Reinforcement Tuning for Detecting Stances and Debunking Rumors Jointly with Large Language Models
Ruichao Yang, Wei Gao, Jing Ma, Hongzhan Lin, Bo Wang
TL;DR
The paper tackles the data-scarce problem of jointly detecting stance and verifying rumors by introducing JSDRV, a reinforcement-tuned framework that uses LLMs as annotators for both tasks and a two-level selector policy to curate high-quality training data from a small seed set. It combines an LLM-based stance detector, an LLM-based rumor verifier, and a reinforcement learning–driven selector to iteratively improve labeling quality and model performance, allowing fine-tuning via PEFT techniques such as LoRA. Across multiple rumor-stance datasets, JSDRV outperforms strong baselines, including fully supervised and weakly supervised approaches, and generalizes to non-LLM task models. The work highlights the potential of reinforcement-guided data selection and prompt-based LLM fine-tuning for data-efficient, joint social-media understanding tasks, while acknowledging limitations related to distribution-based rewards and training overhead.
Abstract
Learning multi-task models for jointly detecting stance and verifying rumors poses challenges due to the need for training data of stance at post level and rumor veracity at claim level, which are difficult to obtain. To address this issue, we leverage large language models (LLMs) as the foundation annotators for the joint stance detection (SD) and rumor verification (RV) tasks, dubbed as JSDRV. We introduce a novel reinforcement tuning framework to enhance the joint predictive capabilities of LLM-based SD and RV components.

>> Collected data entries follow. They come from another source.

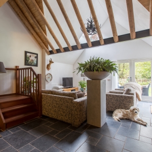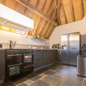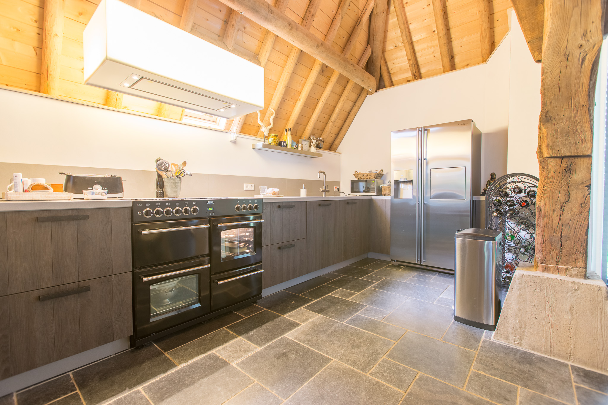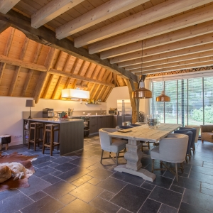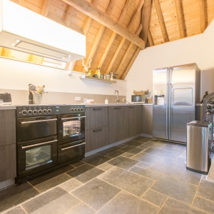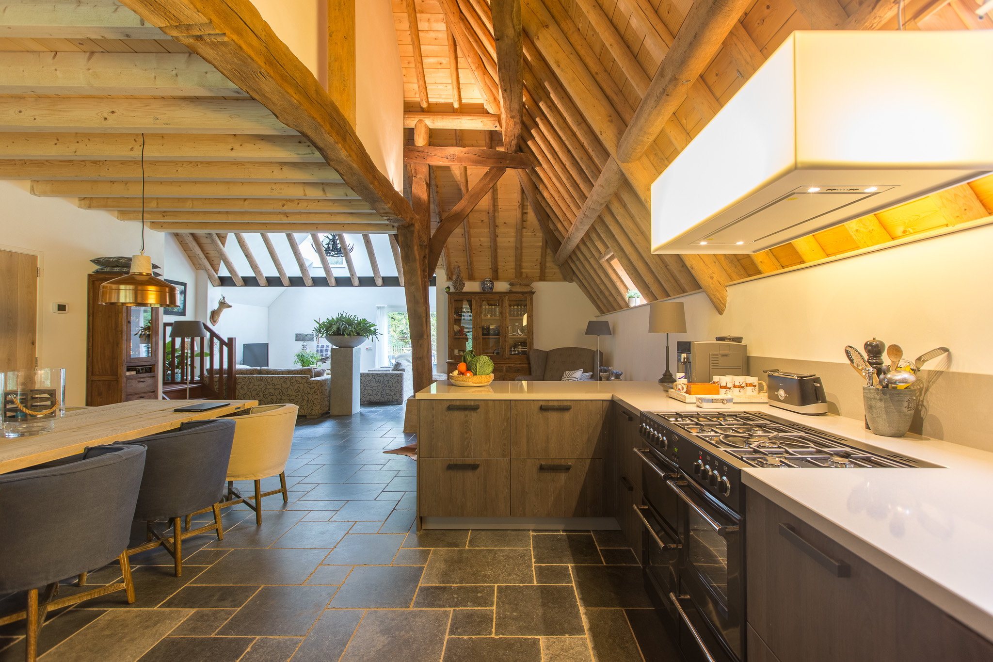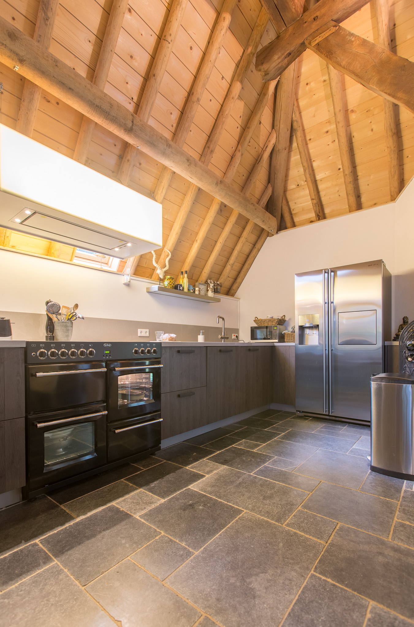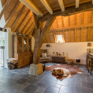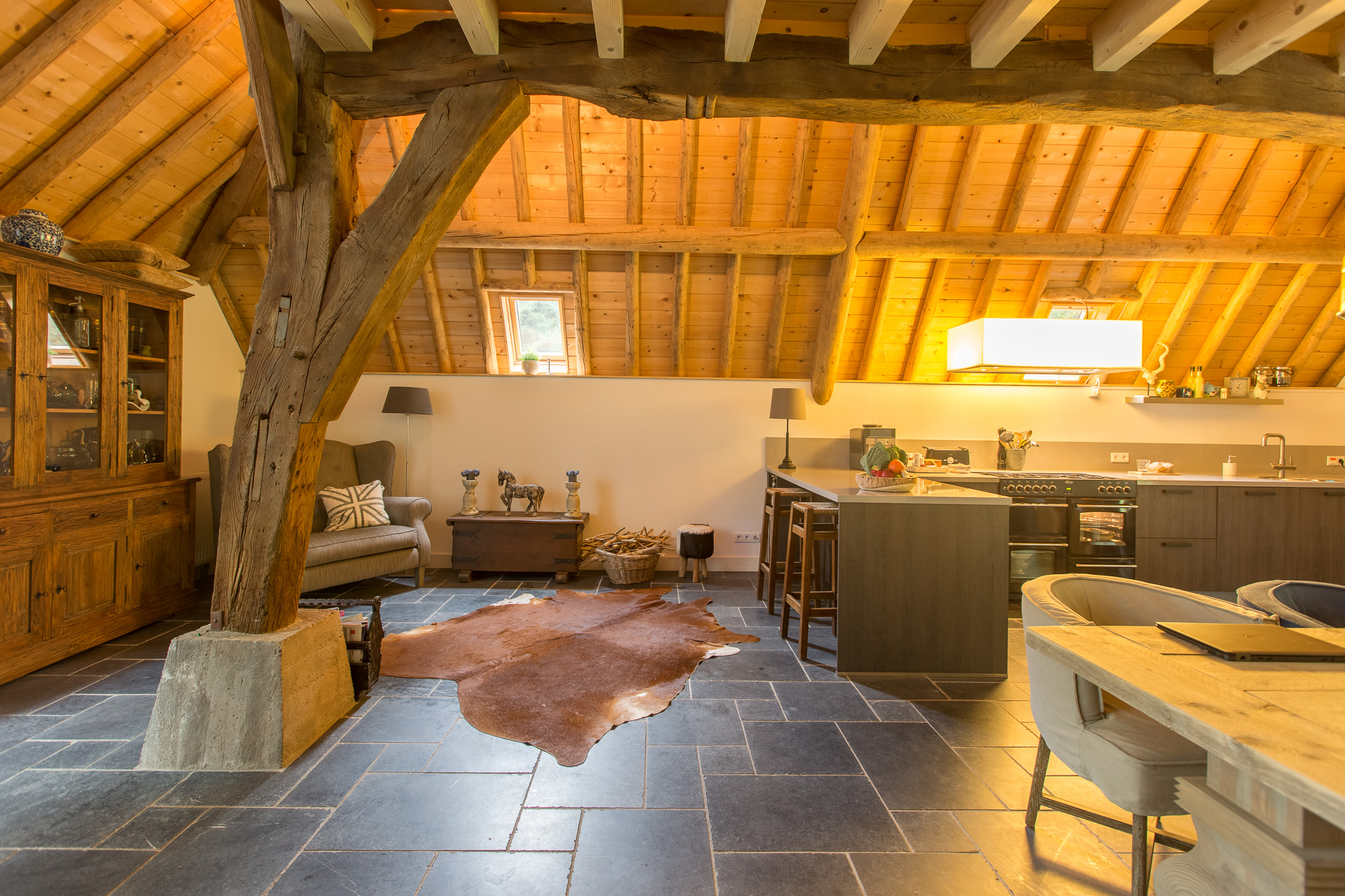 Door de vloer te verwerken in een zogenaamd Romaans verband, past deze vloer perfect bij de uitstraling van het pand en het interieur. Schitterend!
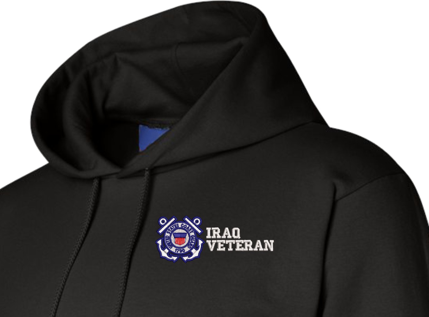 MilitaryBest has expanded its line of apparel with this custom embroidered U.S. Coast Guard Iraq Veteran Hoodie. Each Hoodie is direct embroidered onto a Champion brand 9.5 oz 50/50 Cotton Poly blend. This U.S. Coast Guard Iraq Veteran Hoodie will make an excellent addition to your wardrobe, or a great gift. Your satisfaction is Guaranteed! This U.S. Coast Guard Iraq Veteran Hoodie is custom embroidered at our facilities in Scottsboro, AL.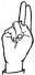 На ћирилици написано БУДИМИР ТРИШОВИЋ састоји се из 15 слова [?]. Исписано ћириличном једноручном азбуком за глувонеме:

Specifically, we devise a policy for selecting LLM-annotated data at the two levels, employing a hybrid reward mechanism to choose high-quality labels for effective LLM fine-tuning on both tasks. Results demonstrate that JSDRV improves the capabilities of LLMs in the joint tasks, not only outperforming state-of-the-art methods but also generalizing to non-LLMs accommodated as task models.